Other columns need similar cleaning, such as Beds, FloodInfo, and YearBuilt.

word = 'bed'
new_df = new_df[new_df["Beds"].str.contains(word) == True]
word = 'Year Built'
new_df = new_df[new_df["YearBuilt"].str.contains(word) == True]
word = 'Flood Factor'
new_df = new_df[new_df["FloodInfo"].str.contains(word) == True]

The Style column is a total mess because many/most listings do not include this information. For now, we will simply drop it to save time parsing the mess.

new_df = new_df.drop('Style',axis=1)

Using Featuretools to speed up data cleaning.

The Featuretools library has a few great data cleaning tools we will use to save time. Specifically:

  • remove_low_information_features: Keep only features that have at least 2 unique values and that are not all null
  • remove_highly_null_features: Removes columns from a feature matrix that have higher than a set threshold of null values.
  • remove_single_value_features: Removes columns in feature matrix where all the values are the same..
  • remove_highly_correlated_features: Removes columns in feature matrix that are highly correlated with another column.
from featuretools.selection import remove_low_information_features, remove_highly_null_features, remove_single_value_features, remove_highly_correlated_features
df = new_df.copy()
"""Select features that have at least 2 unique values and that are not all null"""
df_t = remove_low_information_features(df)
"""Removes columns from a feature matrix that have higher than a set threshold"""
df_t = remove_highly_null_features(df_t)
"""Removes columns in feature matrix where all the values are the same."""
df_t = remove_single_value_features(df_t)
"""Removes columns in feature matrix that are highly correlated with another column."""
df_t = remove_highly_correlated_features(df_t)

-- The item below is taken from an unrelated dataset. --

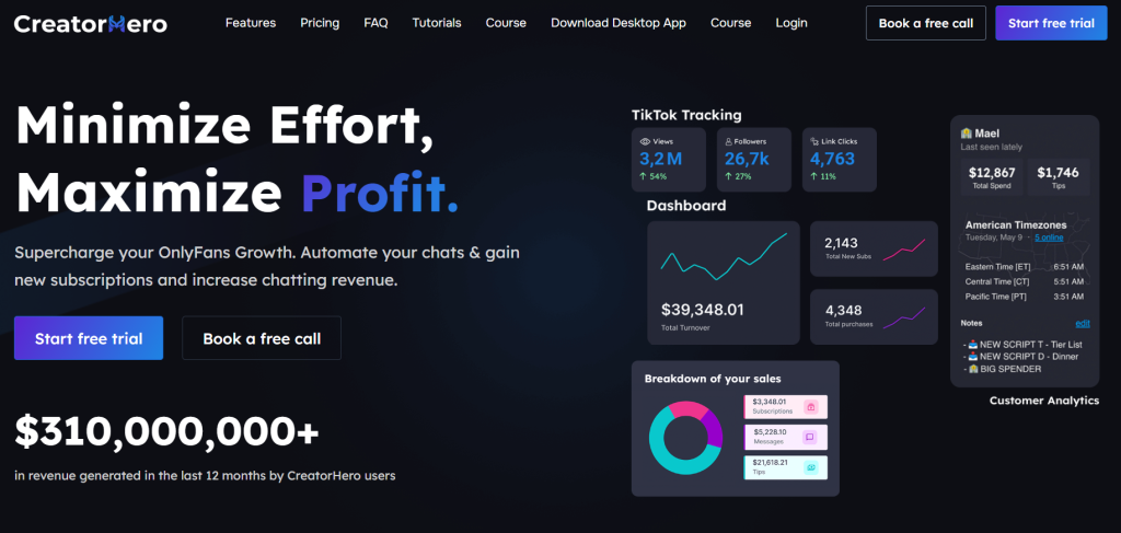 CreatorHero is a lively CRM platform made just for content creators. It gives them a bunch of strong tools to boost fan engagement and make management easier. It’s perfect for creators on sites like OnlyFans, as CreatorHero aims to help them talk more with subscribers and get useful info to grow their businesses.

Clean up the Flood Risk Data

The Flood Risk Data is a prominent feature of this study, so we want to clean up the formatting a bit.

df_t[['FemaInfo','FloodFactorInfo']] = df_t.FloodInfo.str.split(' • ', expand=True) 
df_t['FloodFactorInfo'] = df_t['FloodFactorInfo'].astype(str).str.replace('/10 New','').str.replace('Flood Factor ','')
df_t['FemaInfo'] = df_t['FemaInfo'].astype(str).str.replace('FEMA Zone ','').str.replace('(est.)','')

Clean up the Numerical Features

We cannot reformat things like Area and Baths and Year Built and Days on Realtor.com as long as they contain text characters, so we need to remove these in order to correctly format the dataset for training our model.

df_t['Beds'] = df_t['Beds'].str.replace('bed','')
df_t['Baths'] = df_t['Baths'].str.replace('bath','')
df_t['Noise'] = df_t['Noise'].str.replace('Noise:','')
df_t['PropertyType'] = df_t['PropertyType'].str.replace('Property Type','')
df_t['DaysOnRealtor'] = df_t['DaysOnRealtor'].str.replace('Days on Realtor.com','').str.replace('Days','')
df_t['Area'] = df_t['Area'].str.replace('sqft','').str.replace(',','')
df_t['Price'] = df_t['Price'].str.replace('$','').str.replace(',','').str.replace(',','')
df_t['PricePerSQFT'] = df_t['PricePerSQFT'].astype(str).str.replace(',','')
df_t['YearBuilt'] = df_t['YearBuilt'].astype(str).str.replace('Year Built','')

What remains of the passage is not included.